Optimize Storage Economics and Data Management with Machine Learning

Joint solution identifies and moves warm and cold data non-disruptively to cost-efficient object storage

Automated, Intelligent Decision Making is the Key

With the volume of unstructured data growing today at a dramatic rate, managing this data growth requires a new approach — one that can automatically make intelligent decisions so IT does not have to do so manually. Up to 90% of data is warm or cold, so there is a need to effectively identify and manage data so that the right data resides on the right storage at the right time. IT often over-provisions for performance and capacity in order to maintain SLAs, but this is an inefficient use of already limited budgets. Adding to the inefficiency, IT also ends up spending more time troubleshooting, managing performance and capacity, and dealing with disruptive migrations, upgrades, and maintenance.

Cloudian–DataSphere for Intelligent Data Management

Optimize your storage infrastructure and economics with DataSphere from Primary Data, storing warm and cold data in affordable and limitlessly scalable object storage from Cloudian.


Primary Data and Cloudian have teamed up to address the needs of the modern data center by focusing on scale, cost, and automation, without sacrificing the high-performance of primary storage. Primary Data’s intelligent data management platform, DataSphere, automatically and non-disruptively moves data to the most appropriate storage type to ensure cost efficiency and meet user-defined business objectives and desired service levels.

Cloudian’s HyperStore and HyperFile storage software deliver new levels of technical and economic efficiencies — dramatically reducing storage costs, and making this an ideal platform for capacity intensive data. Cloudian storage has unmatched durability and flexibly scales capacity as needed to support data growth — from terabytes to hundreds of petabytes, across all locations.
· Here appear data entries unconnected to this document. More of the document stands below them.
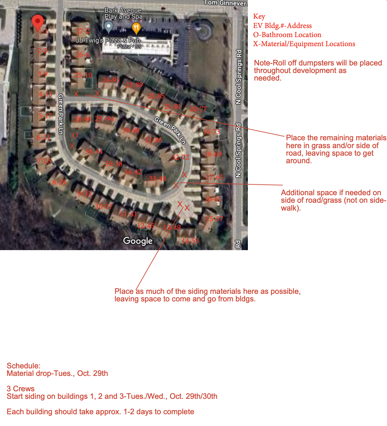 WINDOWS: Window replacements will be started on Monday, Nov. 18th, weather permitting. More information will be forthcoming on what to expect. Storage PODS are being delivered next week Monday for window storage and will be placed on the street near UNITS 42 and 70 Green Park Ln.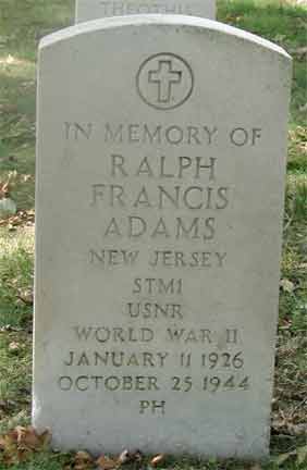 STEWARD'S MATE FIRST CLASS RALPH F. ADAMS was born on January 11, 1926, the fourth of 6 children born to Thomas E. and Emma Adams. In 1930 the Adams family lived at 315 Stevens Street in Camden NJ, where Thomas Adams Sr. worked a laborer in a department store. Two doors down, at 319 Stevens Street, lived the Saporito family, their son Salvatore Saporito would also not come home from the war. The family later moved to 704 Chestnut Street in Camden. Besides Ralph Adams, there were older brothers Logan W., Charles J., older sister, Jeanette R., younger sister Doris E., and younger brothers Thomas E. Adams Jr. and Wilson Adams. Steward's Mate First Class Adams served aboard the USS Tang (SS-306), the most successful of all American submarines. The Navy was still a segregated service during World War II, and Steward's Mate was the only rating open to African-Americans in that service. One of two Steward's Mates aboard Tang, his duties included serving in the officer's mess, aiding in the galley, the officer's wardroom, and the officer's personal quarters. Ralph Adams was listed as missing in action on October 25, 1944 when the Tang was struck by one of her own torpedoes, taking 78 of her 87 man crew to their doom. According to Tang survivor Motor Machinist's Mate Second Class Jesse DaSilva, one of the two Steward's Mates escaped the stricken submarine and reached the surface, only to drown before he could be rescued. It is not known if this individual was Ralph Adams or ST3 H.M. Walker. He was declared dead December 1944. Ralph Adams was survived by his parents, Thomas and Emma Adams, brothers and sisters. A headstone was laid at Beverly National cemetery in Beverly NJ in his memory. The Hudson-Adams-Carpenter Post 473 of the American Legion in Camden NJ is named in part for him, and a distant relative, Jerome L. Carpenter, who died while serving with the United States Army in 1943. |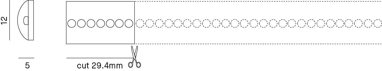 5m, lunghezza massima alimentabile per singola bobina: 5m. Kit tappi di chiusura IP e 10 clip con viti, incluso nella confezione, ordinabile separatamente cod. KIT/LS01/TAPPI. Installazione con clips o su profilo in alluminio da ordinare separatamente. Alimentatore e unità di controllo non inclusi.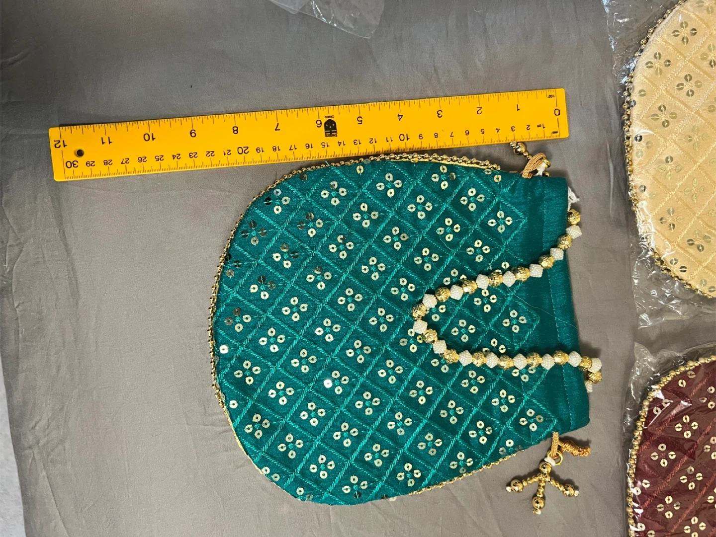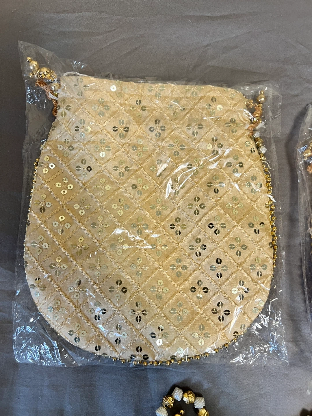 Selling a set of three potli bags in excellent condition! These bags feature intricate designs and are perfect for special occasions or adding a touch of elegance to your outfit. The set includes bags in teal, maroon, and beige. They are brand new and still in their original packaging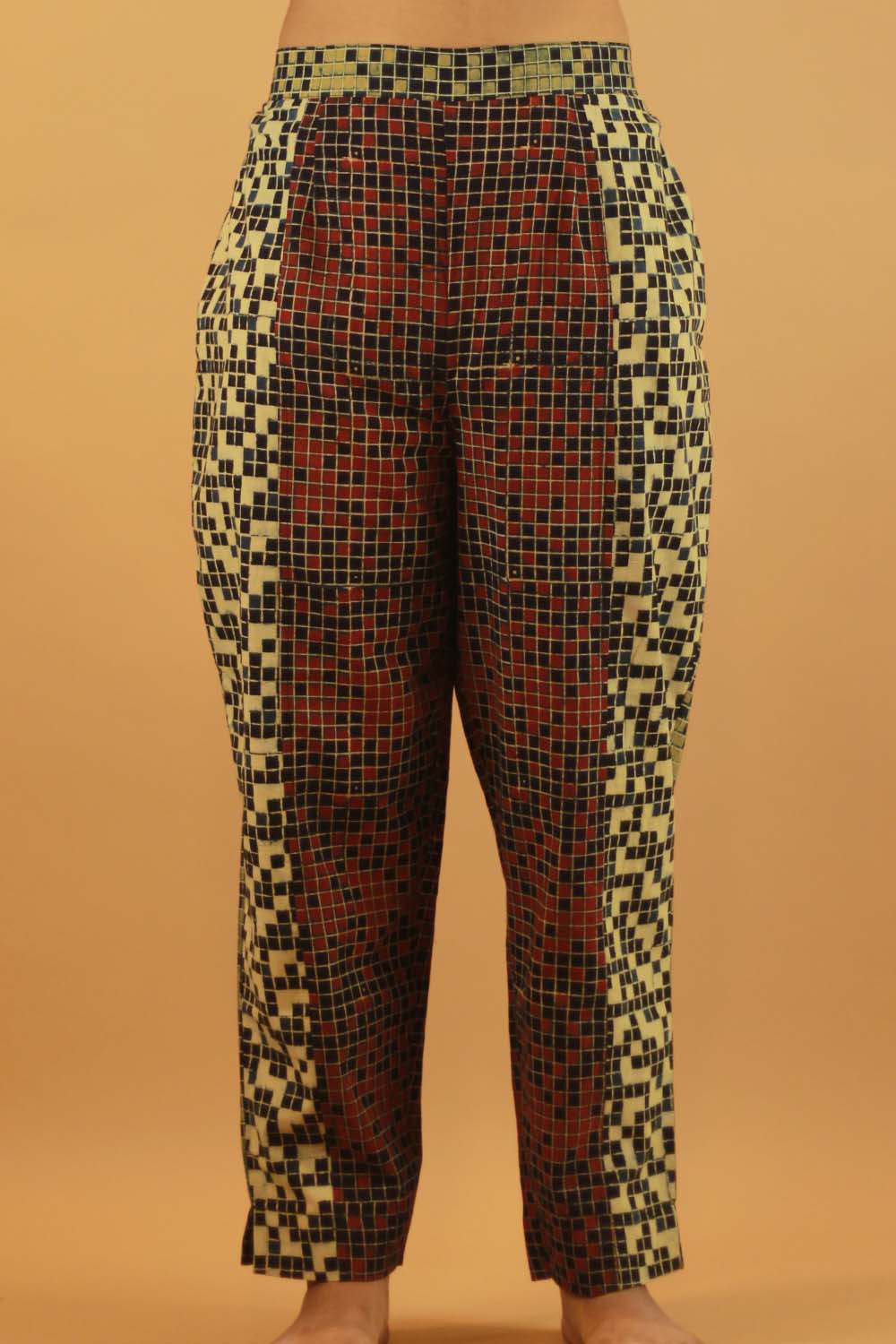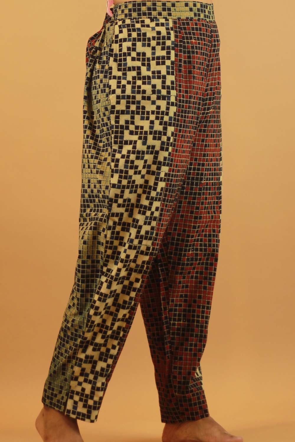 Versatility is at the core of these pants, as they effortlessly pair with a variety of tops, shirts, and kurtas, making them suitable for any occasion. This unique piece is made by combining complimentary Ajrakh patterns to set you apart in the crowd.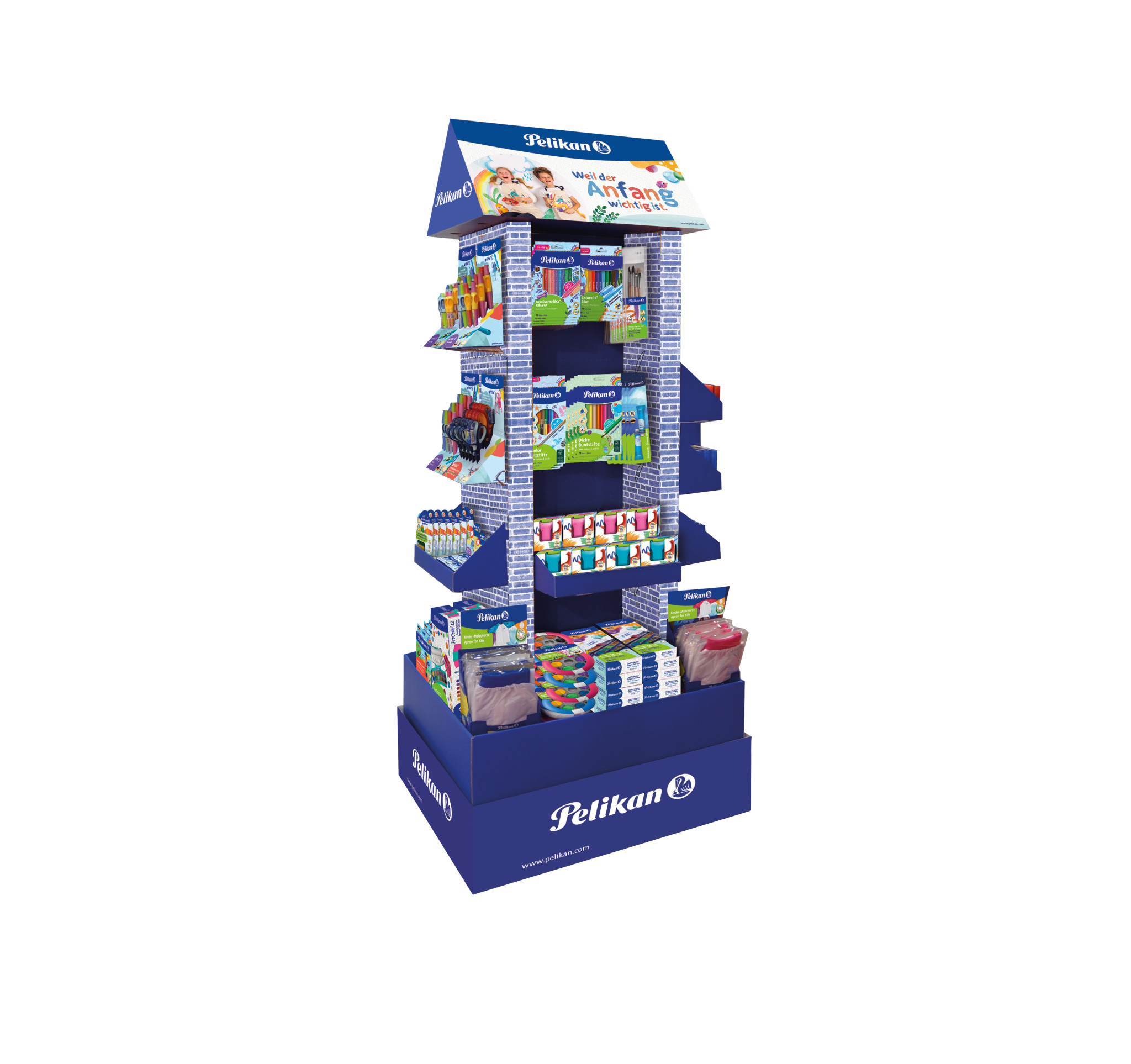 POS-Display, befüllt aus Pappe, Motiv bedruckt Größe (B x H x T): 80 x 185 x 60 cm Inhalt: 546 Stück Schulbedarfsartikel Sortimente Schreiben, Malen und Basteln |

DataSphere Puts the Right Data, in the Right Place, at the Right Time

DataSphere employs machine learning software to build intelligence into how an enterprise automates the management of data across its IT infrastructure, both on-premises and in the cloud. The DataSphere machine learning metadata engine adds awareness between applications and infrastructure, virtualizing data by mounting all storage into a single, global namespace. This makes heterogeneous data stores such as the Cloudian HyperStore and HyperFile simultaneously available to all applications without requiring any changes or disruption to application workloads. DataSphere uses industry standard open source protocols to automate tiering and live-data mobility without application disruption. DataSphere also supports SMB, and NFS v3 for data access.

This same technology allows DataSphere to define a global namespace to host a heterogeneous storage environment, build high-performance scale-out NAS clusters with load-balanced parallelized read/write streams directly to arrays, and gather application performance telemetry. This virtualization of the data means that you can add file, block and object storage to your infrastructure without creating storage silos. Applications will see a single file-structure no matter where the data is located.

DataSphere Key Features

Machine Learning
Manage billions of files, while monitoring application performance and all data to make decisions to optimize the infrastructure every 15 seconds.

Support for Heterogeneous Environments
Easily deploy into mixed vendor environments with support for NFS, SMB, and S3 protocols.

Objective Expressions
Easily define the context for data management, guiding the machine learning engine so that it can make the best decisions for the infrastructure, based on your preferred business outcomes.

Metadata Management
Manage your data at any level of granularity — shares, volumes, or files. Metadata management allows DataSphere to make decisions based on age, type, tags, location, owner, size, etc.

Cloudian HyperStore and HyperFile

Cloudian’s HyperStore petabyte-scale object storage platform provides an elegant, cost-effective, on-premise solution for capacity intensive storage and archive. Designed to meet the need for large, secure, highly resilient and flexible storage infrastructure at a low cost, HyperStore seamlessly stores, moves and protects objects and files across locations, including the public cloud. Cloudian HyperFile is a NAS Controller that provides file services for HyperStore.

Cloudian clusters upgrade non-disruptively with newer, higher capacity nodes, eliminating costly overprovisioning. HyperStore’s automatic data verification and self-healing functions provide reliability and resilience against hardware failures, while its data encryption, both in-flight and at rest, safeguard data against threats of deletion or theft via malware.


Optimize storage economics by improving infrastructure utilization and performance, reducing the need to over-provision.

Cost-efficient object storage for capacity intensive application data.

Eliminate application downtime by virtualizing your data into a global namespace, pooling heterogeneous storage to make it easy to consume NAS and S3 with no reconfiguration or refactoring.

Reduce IT workload with machine learning that monitors application performance and manages the placement of the right data, in the right place, at the right time.

Easily grow with your needs, add capacity and scale only as needed.

Pay-as-you-grow — DataSphere is a software subscription licensed per instance. Cloudian subscriptions start at ½¢ per GB/month.

Manage data according to business needs, instead of storage concepts. Objective-based management uses a model of financial arbitrage to align the infrastructure to business needs.